The Statute forbidding Bearing of Armour (7 Edw. 2. St. 1) or Coming Armed to Parliament Act 1313 (originally titled Statuto sup' Arportam'to Armor or Statutum de Defensione portandi Arma) was enacted in 1313 during the reign of Edward II of England. It decrees "that in all Parliaments, Treatises and other Assemblies, which should be made in the Realm of England for ever, that every Man shall come without all Force and Armour". The statute, which was written in the Anglo-Norman language, goes on to assert the royal power to "defend Force of Armour, and all other Force against our Peace, at all Times when it shall please Us, and to punish them which shall do contrary." It declares that "Prelates, Earls, Barons, and the Commonalty of our Realm... are bound to aid Us as their Sovereign Lord at all Seasons, when need shall be."

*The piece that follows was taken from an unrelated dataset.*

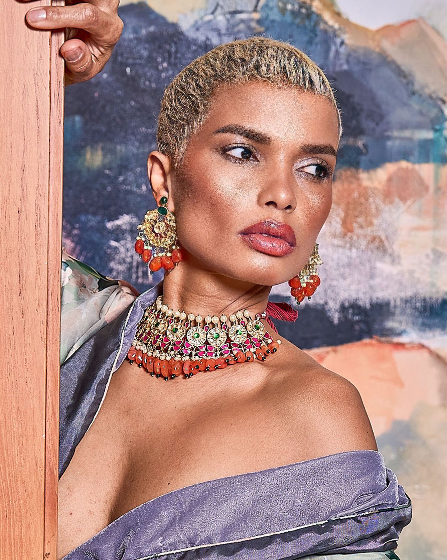 Antic Kundan Crystal Choker and Earrings Set with Cornelian Drops
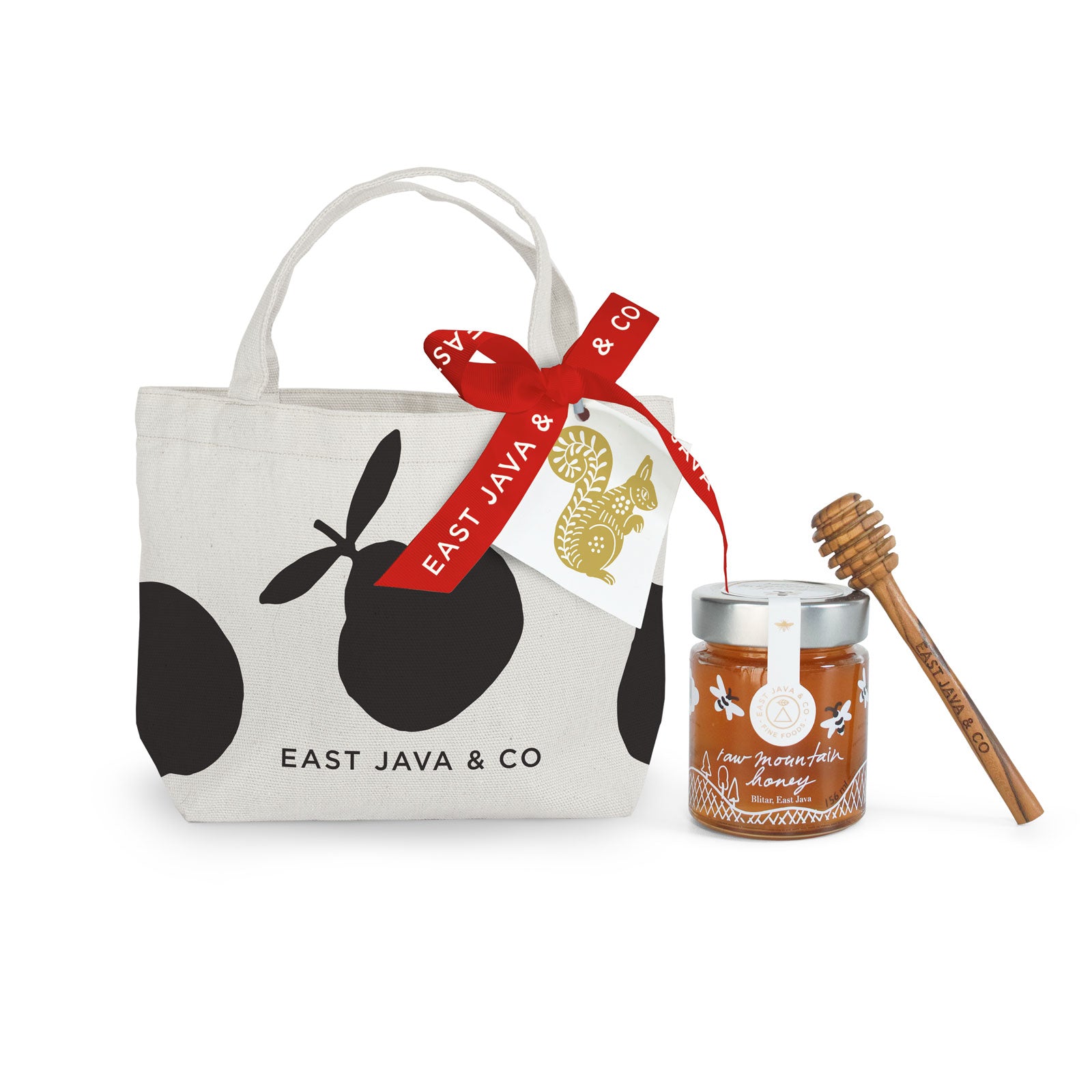 Raw Forest Mountain Honey, East Java & Co Teak Honey Spoon and East Java & Co Mini Tote Bag (see more in the details tab)

The statute was issued following a period of political turmoil in England which had culminated in the declaration of the Ordinances of 1311 (5 Edw. 2) – a set of regulations imposed on the king by the English peerage and clergy to restrict his power. The role of the king's favourite, the relatively low-born Piers Gaveston, was a particular source of tension between Edward and his nobles. The barons forced Edward to send Gaveston into exile in a parliament held in April 1308, which they may have attended under arms.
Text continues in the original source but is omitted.